Records shown →

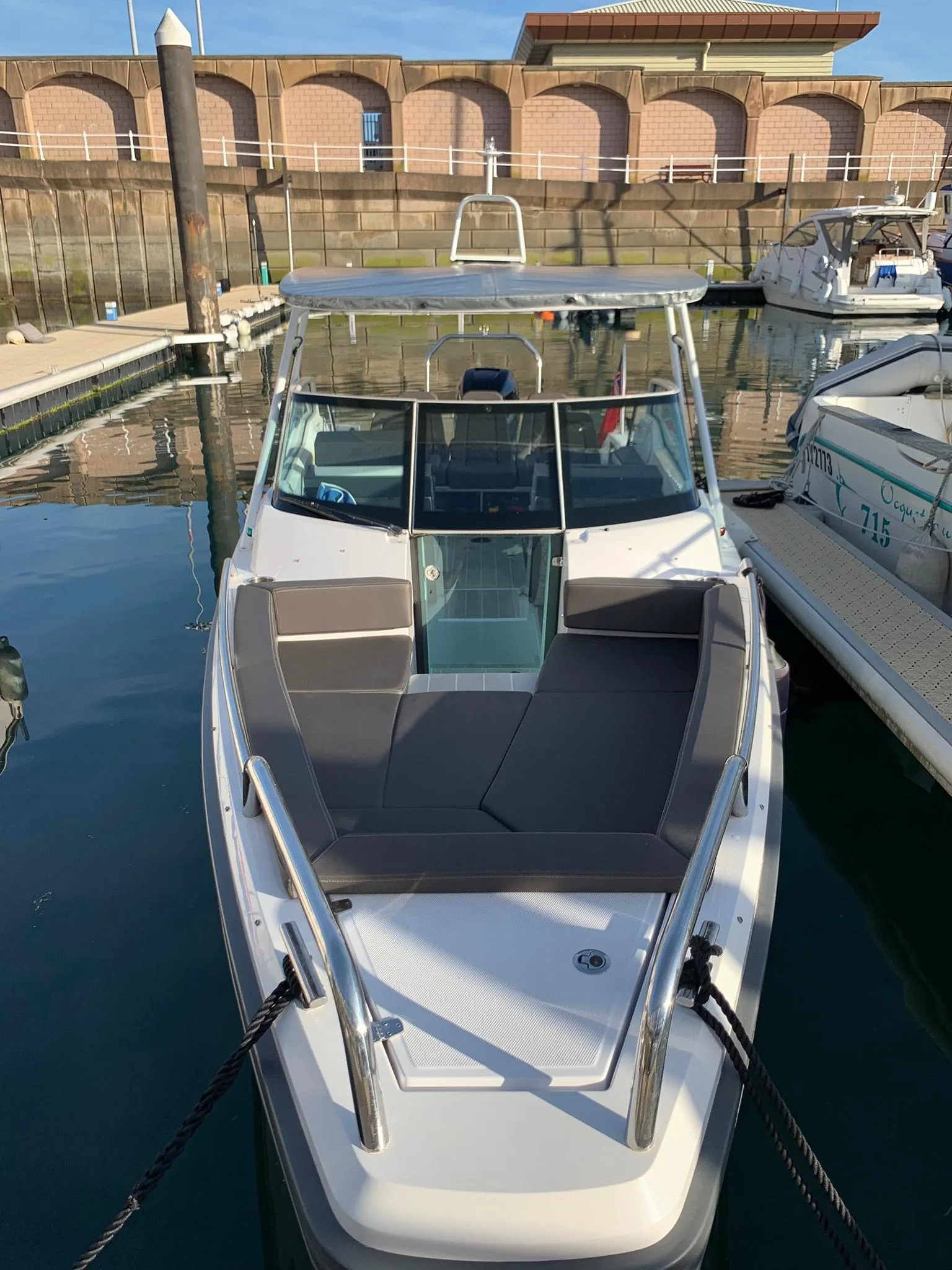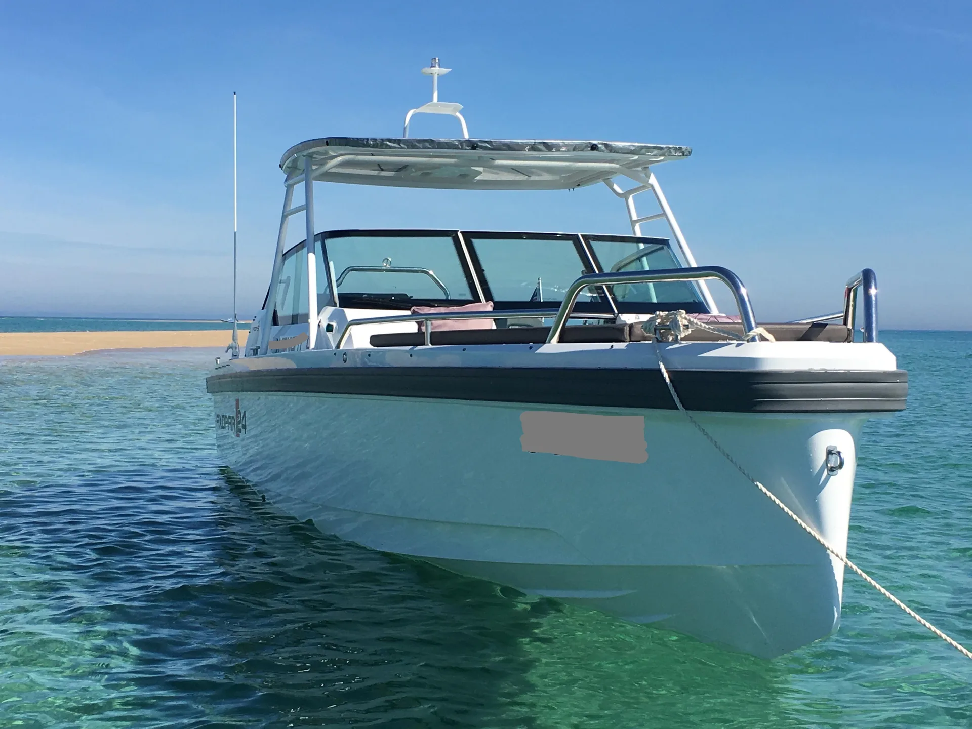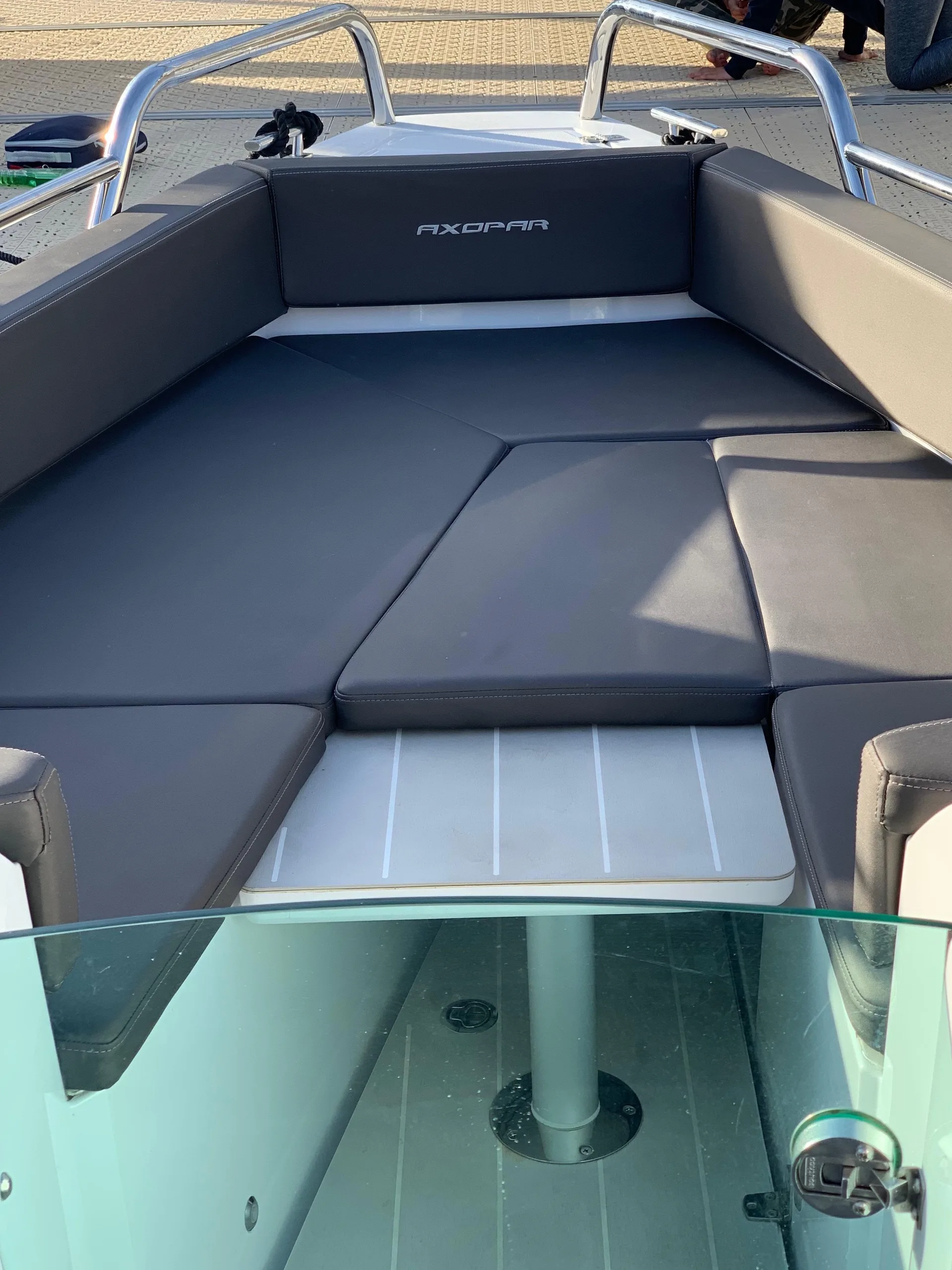 Description: Axopar customers love to be out on the water as much as possible and for the modest additional outlay required for the T-Top version, the assurance of having an extra layer of weather protection is well worth the extra cost. Well maintained with a full service history and recently serviced and anti fouled. Two owners since new and can be viewed through Quay Boats, St Helier, Jersey. The Axopar 24 incorporates a bow section that offers versatile seating or a sunbathing area, comfortable twin sofas in front of the cockpit consoles that also double as berths for two persons and social seating for 5 persons in the cockpit. Two large fender storages are installed on the side deck in the aft, and an optional refrigerator is located under the co-pilot seat. The Axopar 24 T-Top adds a functional sunroof for protection against the sun. For more information or to arrange a viewing please call call Quay.je on +441534888100
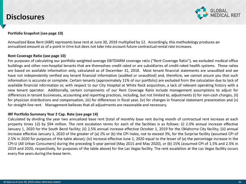 Disclosures 21 Portfolio Snapshot (see page 10 ) Annualized Base Rent (ABR) represents base rent at June 30, 2019 multiplied by 12 . Accordingly, this methodology produces an annualized amount as of a point in time but does not take into account future contractual rental rate increases. Rent Coverage Ratio (see page 10 ) For purposes of calculating our portfolio weighted - average EBITDARM coverage ratio (“Rent Coverage Ratio”), we excluded medical office buildings and other non - hospital tenants that are themselves credit rated or are subsidiaries of credit - rated health systems . These ratios are based on available information only, calculated as of December 31 , 2018 . Most tenant financial statements are unaudited and we have not independently verified any tenant financial information (audited or unaudited) and, therefore, we cannot assure you that such information is accurate or complete . Certain tenants (approximately 11 % of our portfolio) are excluded from the calculation due to lack of available financial information or, with respect to our City Hospital at White Rock acquisition, a lack of relevant operating history with a new tenant operator . Additionally, certain components of our Rent Coverage Ratio include management assumptions to adjust for differences in tenant businesses, accounting and reporting practices, including, but not limited to, adjustments ( i ) for non - cash charges, (ii) for physician distributions and compensation, (iii) for differences in fiscal year, (iv) for changes in financial statement presentation and (v) for straight - line rent . Management believes that all adjustments are reasonable and necessary . IRF Portfolio Summary Year 2 Cap . Rate (see page 14 ) Calculated by dividing the year two annualized base rent (total of monthly base rent during month of contractual rent increase at each property times 12 ) by $ 94 million . The rent escalation terms for each of the facilities is as follows : ( i ) 2 . 0 % annual increase effective January 1 , 2020 for the South Bend facility ; (ii) 2 . 5 % annual increase effective October 1 , 2019 for the Oklahoma City facility ; (iii) annual increase effective January 1 , 2020 of the greater of (a) 2 % or (b) the CPI Index, not to exceed 3 % , for the Surprise facility (assumed CPI of 2 . 5 % in 2020 for purposes of the table above) ; (iv) increase effective June 1 , 2020 equal to the lesser of (a) the percentage increase in the CPI - U (All Urban Consumers) during the preceding 5 - year period (May 2015 and May 2020 ), or (b) 15 % (assumed CPI of 1 . 5 % and 2 . 5 % in 2019 and 2020 , respectively, for purposes of the table above) for the Las Vegas facility . The rent escalation at the Las Vegas facility occurs every five years during the lease term . all data as of June 30, 2019 unless otherwise stated
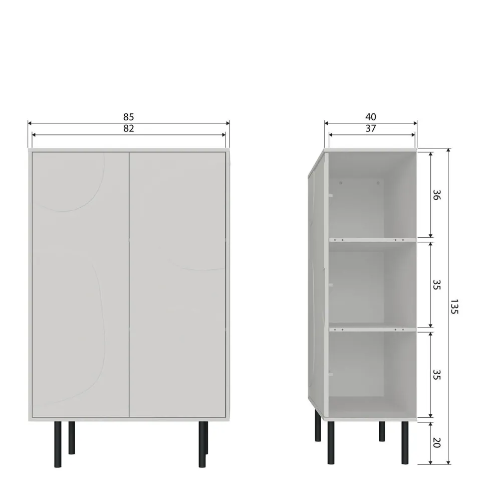 Stevige Kast Met Speels Gedecoreerde Deuren Gevormd Uit Fsc-Gecertificeerd Grenenhout Afgewerkt In Een Lichte Mist-Kleur H 135 Cm X B 85 Cm X D 40 Cm
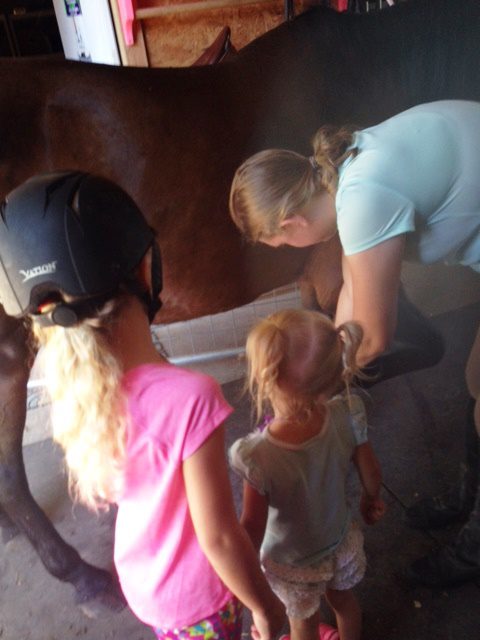 IMG_3116 Published June 22, 2016 at 480 × 640 in Clinic, Camp and the Colt Isabel teaching Madison and Micenzie how to brush the horse.
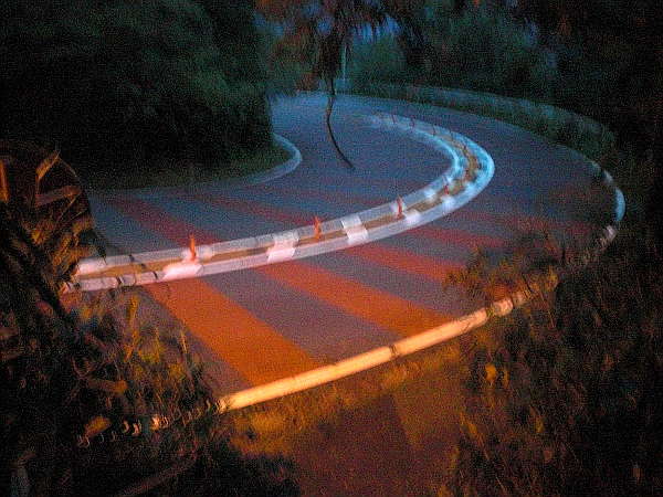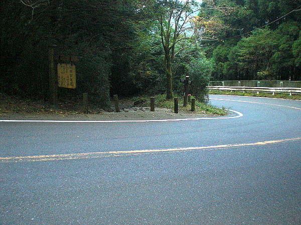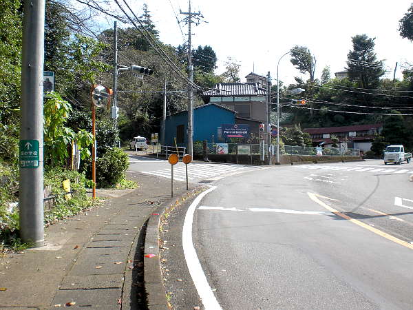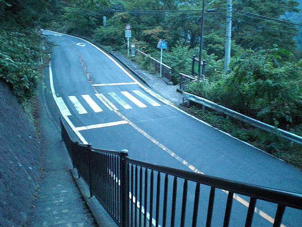横断は急カーブが有り非常に危険な為、ガードレールに沿って少し上った所に横断歩道がある。
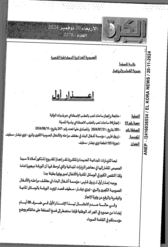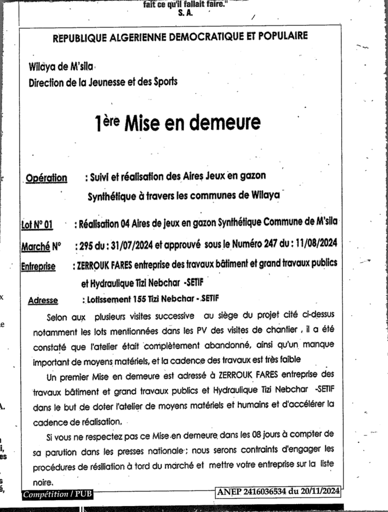 إعذار رقم 01 مديرية الشباب والرياضة لولاية المسيلة
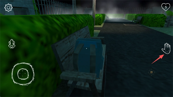4、靠近后,可以看到背包,同时点击屏幕右侧的“手掌”标识。

Exercise details → Each line from the one with "IMG_3116 Published June" to the last line of the listing should be returned exactly, both ends included, and no picture with them.

Answer box →
 IMG_3116 Published June 22, 2016 at 480 × 640 in Clinic, Camp and the Colt Isabel teaching Madison and Micenzie how to brush the horse.
横断は急カーブが有り非常に危険な為、ガードレールに沿って少し上った所に横断歩道がある。
 إعذار رقم 01 مديرية الشباب والرياضة لولاية المسيلة
4、靠近后,可以看到背包,同时点击屏幕右侧的“手掌”标识。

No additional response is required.